The effect of thermal misbalance on magnetohydrodynamic modes in coronal magnetic cylinders

TL;DR

This paper explores how thermal misbalance affects magnetohydrodynamic wave dispersion in coronal magnetic cylinders, revealing minor effects on fast modes but significant impacts on slow modes, especially at shorter wavelengths.

Contribution

It provides a detailed analysis of thermal misbalance effects on MHD wave dispersion in cylindrical solar coronal structures, including analytical expressions for frequency shifts.

Findings

Thermal misbalance slightly increases damping rates of fast sausage and kink modes at short wavelengths.

Significantly shifts the cusp frequency of slow magnetoacoustic modes, especially at small wavenumbers.

Analytical expressions accurately describe frequency shifts due to thermal misbalance, matching numerical and observational data.

Abstract

This study investigates the dispersion of magnetohydrodynamic waves influenced by thermal misbalance in a cylindrical configuration with a finite axial magnetic field within solar coronal plasmas.
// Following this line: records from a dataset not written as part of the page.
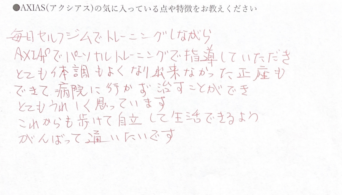 毎日セルフジムでトレーニングしながら、AXIASでパーソナルトレーニングで指導していただき、とても体調も良くなり、出来なかった正座も出来て病院に行かず治すことができとても嬉しく思っています。
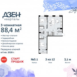Продается 3-комн. квартира бизнес-класса с европланировкой от застройщика в ЖК "Дзен-кварталы" на 7 этаже. Квартира без отделки, полностью готова к ремонту. Общая площадь: 88.3 кв.м., жилая: 42.9 кв.м., общая площадь гостиной-столовой с кухонной зоной: 37 кв.м. Европейская планировка,...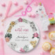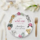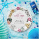El encantador producto de ducha para bebés con temática forestal cuenta con un borde acuático de vegetación y animales de la selva. Personalice su información o haga clic en "Haga clic en el personalizar más adelante" para editar estilos de fuente, tamaño y colores.

Specifically, it examines how thermal misbalance, characterized by two distinct timescales directly linked to the cooling and heating functions, influences the dispersion relation. This investigation is a key approach for understanding non-adiabatic effects on the behaviour of these waves. Our findings reveal that the effect of thermal misbalance on fast sausage and kink modes, consistent with previous studies on slabs, is small but slightly more pronounced than previously thought. The impact is smaller at long-wavelength limits but increases at shorter wavelengths, leading to higher damping rates. This minor effect on fast modes occurs despite the complex interaction of thermal misbalance terms within the dispersion relation, even at low-frequency limits defined by the characteristic timescales. Additionally, a very small amplification is observed, indicating a suppressed damping state for the long-wavelength fundamental fast kink mode. In contrast, slow magnetoacoustic modes are significantly affected by thermal misbalance, with the cusp frequency shifting slightly to lower values, which is significant for smaller longitudinal wavenumbers. This thermal misbalance likely accounts for the substantial attenuation observed in the propagation of slow magnetoacoustic waves within the solar atmosphere. The long-wavelength limit leads to an analytical expression that accurately describes the frequency shifts in slow modes due to misbalance, closely aligning with both numerical and observational results.